Work item: This exercise asks for an exact copy of the lines from the one containing "Osvanula je lijepa" through the final line of the material, with pictures omitted.

Given data:
[Start of Attachment]

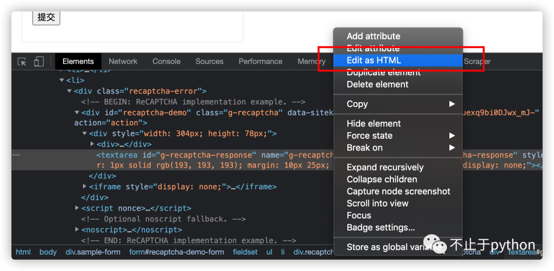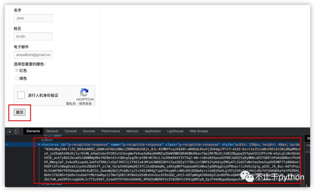 打开控制台, 搜索 g-recaptcha-response的文本框元素
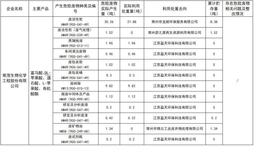 常茂生物危险废物污染防治责任信息公开(2026年1月-3月)
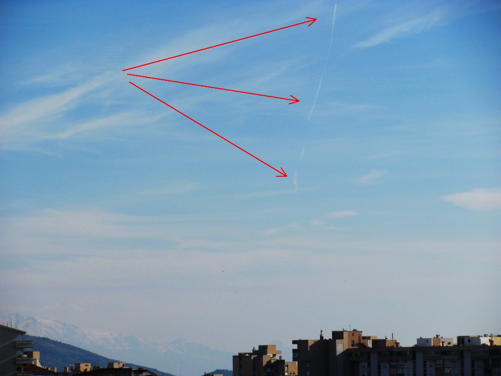 Osvanula je lijepa nedjelja, malo je zatoplilo, snijeg se zabijelio na Mosoru, pravi fini zimski ugođaj, ali avaj, evo i ubojice čovječanstva na nebu. Cijeli dan su sipali svoj otrovni teret po nama. Nisam imao volje, a ni vremena detaljno uslikati svaki prelet, nego sam tu i tamo tijekom cijelog dana s mojim 'wideangle' aparatom probao uslikati najzanimljivije momente. Žalosno je kako postoje ljudi, koji smatraju da su ovakvi gusti tragovi aviona normalni, ali mislim da nas je sve više 'svjesnih'.
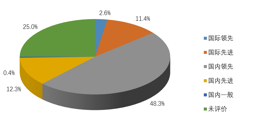 | 国际领先 | 国际先进 | 国内领先 | 国内先进 | 国内一般 | 未评价 | 合计 |
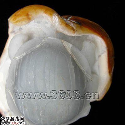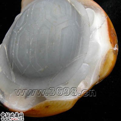 和田玉籽料----富贵百年,质地致密,玉质细腻柔润,光洁度好,颜色过渡自然。巧用青花料精琢龟背,白色的部分巧琢四只脚和头部,浓艳的黄皮作底相托,使作品显得结构紧凑,和协完美。
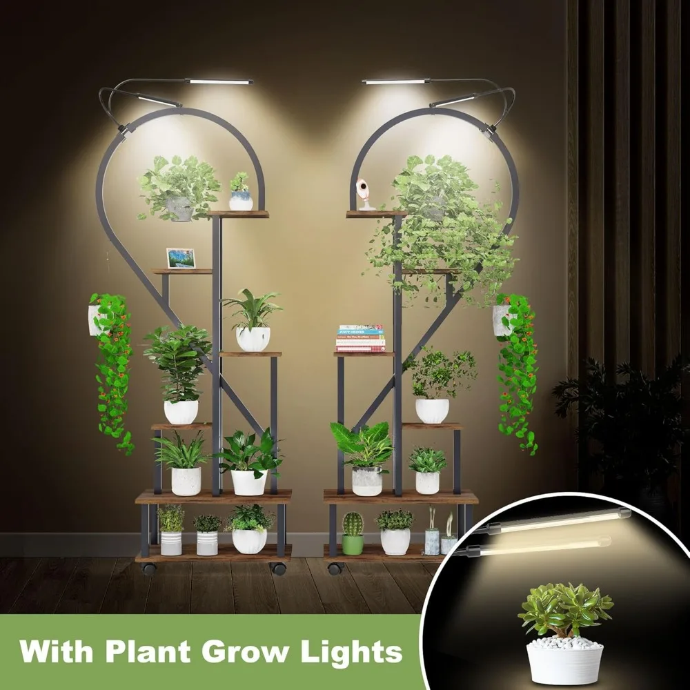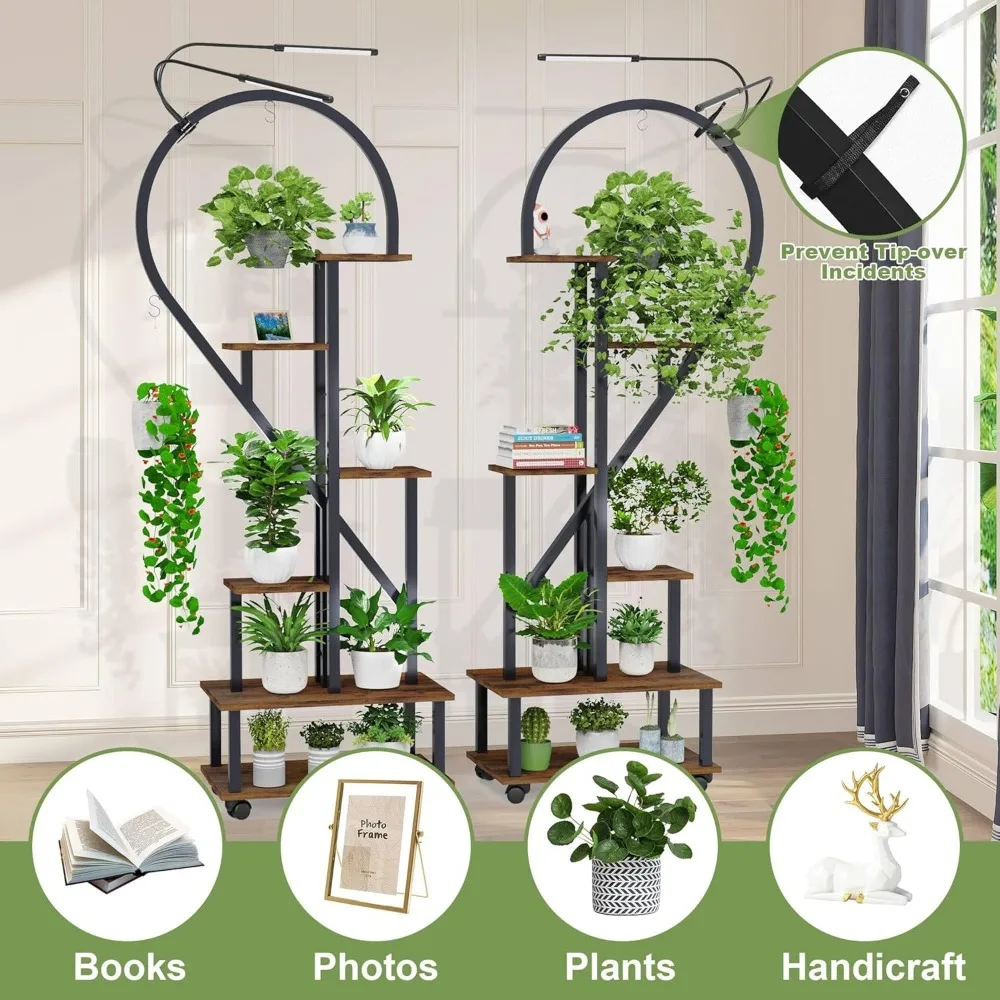 - 6 Tier Indoor Plant Stand: The upgraded indoor heart-shaped metal plant stand has 6 levels and comes with 8 detachable wheels, the capacity is about 20 pots and 4 hooks on the side of the stand that allows the placement of hanging plants, which are designed to allow maximum sunlight for each plant and provide you with plenty of storage and display positions, making your space look more tidy.

[End of Attachment]

Answer below:
 Osvanula je lijepa nedjelja, malo je zatoplilo, snijeg se zabijelio na Mosoru, pravi fini zimski ugođaj, ali avaj, evo i ubojice čovječanstva na nebu. Cijeli dan su sipali svoj otrovni teret po nama. Nisam imao volje, a ni vremena detaljno uslikati svaki prelet, nego sam tu i tamo tijekom cijelog dana s mojim 'wideangle' aparatom probao uslikati najzanimljivije momente. Žalosno je kako postoje ljudi, koji smatraju da su ovakvi gusti tragovi aviona normalni, ali mislim da nas je sve više 'svjesnih'.
 | 国际领先 | 国际先进 | 国内领先 | 国内先进 | 国内一般 | 未评价 | 合计 |
 和田玉籽料----富贵百年,质地致密,玉质细腻柔润,光洁度好,颜色过渡自然。巧用青花料精琢龟背,白色的部分巧琢四只脚和头部,浓艳的黄皮作底相托,使作品显得结构紧凑,和协完美。
 - 6 Tier Indoor Plant Stand: The upgraded indoor heart-shaped metal plant stand has 6 levels and comes with 8 detachable wheels, the capacity is about 20 pots and 4 hooks on the side of the stand that allows the placement of hanging plants, which are designed to allow maximum sunlight for each plant and provide you with plenty of storage and display positions, making your space look more tidy.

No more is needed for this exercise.